Comment The beginning of a new era (Score 5, Interesting) 68
For the past 25 years, there have always been between 2 and 5 concurrently-supported versions of Windows Desktop:
- Windows NT 3.1 Workstation was supported from July 1993 to December 2000, nearly a year after Windows 2000's release in early 2000
- Windows NT 3.5 and 3.51 Workstation were supported from late 1994/early 1995 to December 2001, two months after the release of Windows XP
- Windows NT 4.0 Workstation was supported from August 1996 to June 2004, about a year after the ill-fated Windows XP for Itanium (which itself was followed by Windows XP for amd64 two years later)
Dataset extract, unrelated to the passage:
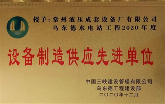 近日,中國三峽建設(shè)管理有限公司烏東德工程建設(shè)部召開2020年度設(shè)備制造供應(yīng)先進(jìn)單位表彰大會(huì)。常州液壓成套設(shè)備廠有限公司以優(yōu)質(zhì)的產(chǎn)品和優(yōu)異的服務(wù)在眾多供應(yīng)商中脫穎而出,繼2019年獲得“設(shè)備制造供應(yīng)先進(jìn)單位”稱號(hào)之后,再次蟬聯(lián)此殊榮。常州液壓作為中國三峽建設(shè)管理有限公司烏東德水電站項(xiàng)目液壓?jiǎn)㈤]機(jī)成套設(shè)備供應(yīng)商

- Windows 2000 was supported from February 2000 to July 2010, about 9 months after Windows 7 came out
- Windows XP was supported from October 2001 to April 2014, about six months after the release of Windows 8.1
- Windows Vista was supported from January 2007 to April 2017, just under two years into Windows 10
- Windows 7 was supported from October 2009 to January 2020, four and a half years into Windows 10
- Windows 8 was supported from October 2012 to January 2016 (before Vista!), at which point you had to upgrade to 8.1
- Windows 8.1 was supported from October 2013 to January 2023, a year and a half into Windows 11
- Windows 10 was supported from July 2015 until today, October 2025, 4 years into Windows 11
- Windows 11 was released in October 2021
For the first time ever, there is now exactly ONE supported version of Windows Desktop (excluding the various feature updates, and also excluding the Enterprise LTSC versions because, let's face it, nobody's legitimately running those at home). I'm sure Microsoft is thrilled that they don't have to worry about supporting old desktops anymore (aside from the people paying for up to 3 years of extended support).